Whenever you find a not already implemented operation, keyword or functionality, please raise an issue at our issue tracker with your use-case.

Dask/pandas and SQL treat null-values (or nan) differently on sorting, grouping and joining. dask-sql tries to follow the SQL standard as much as possible, so results might be different to what you expect from Dask/Pandas.
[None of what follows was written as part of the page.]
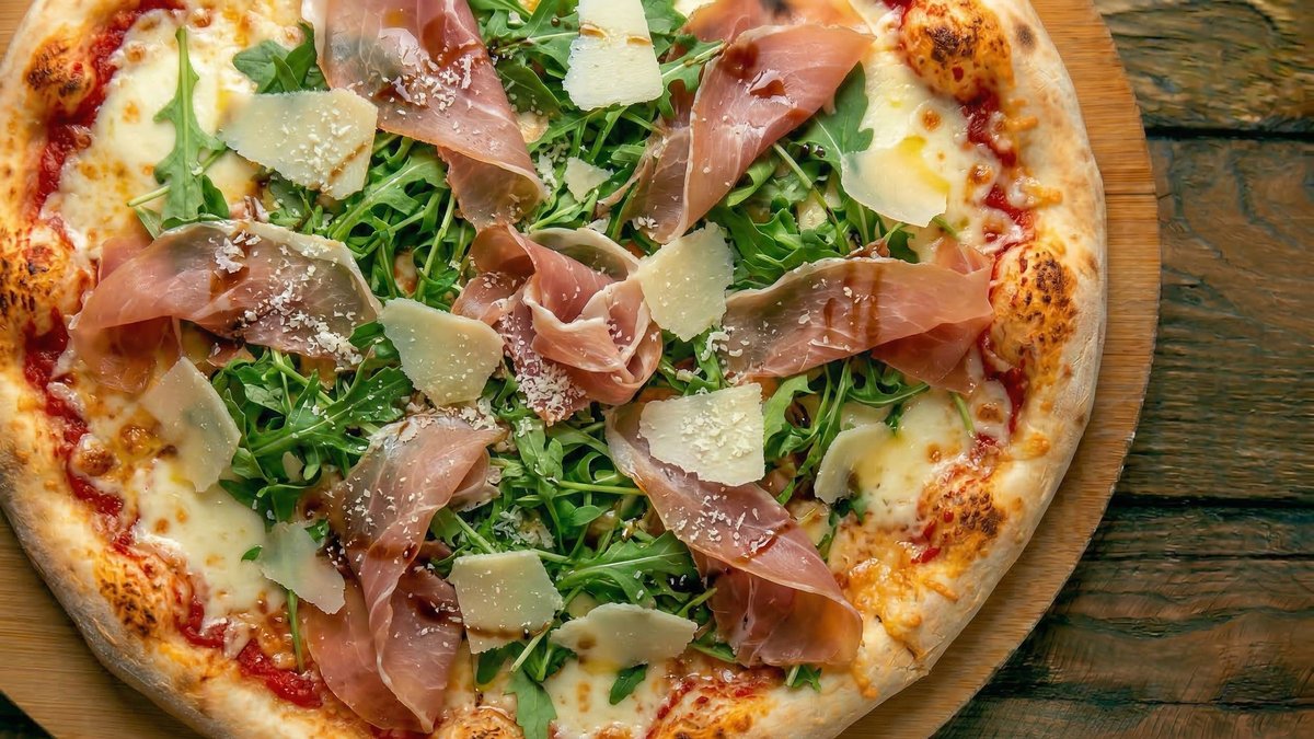 mit Parmaschinken, Rucola, Parmesan und Mozzarella

Apart from those functional limitations, there is a operation which need special care: ORDER BY`. Normally, dask-sql calls create a dask data frame, which gets only computed when you call the .compute() member. Due to internal constraints, this is currently not the case for ORDER BY. Including this operation will trigger a calculation of the full data frame already when calling Context.sql().

Warning

There is a subtle but important difference between adding LIMIT 10 to your SQL query and calling sql(...).head(10). The data inside dask is partitioned, to distribute it over the cluster. head will only return the first N elements from the first partition - even if N is larger than the partition size. As a benefit, calling .head(N) is typically faster than calculating the full data sample with .compute(). LIMIT on the other hand will always return the first N elements - no matter on how many partitions they are scattered - but will also need to precalculate the first partition to find out, if it needs to have a look into all data or not.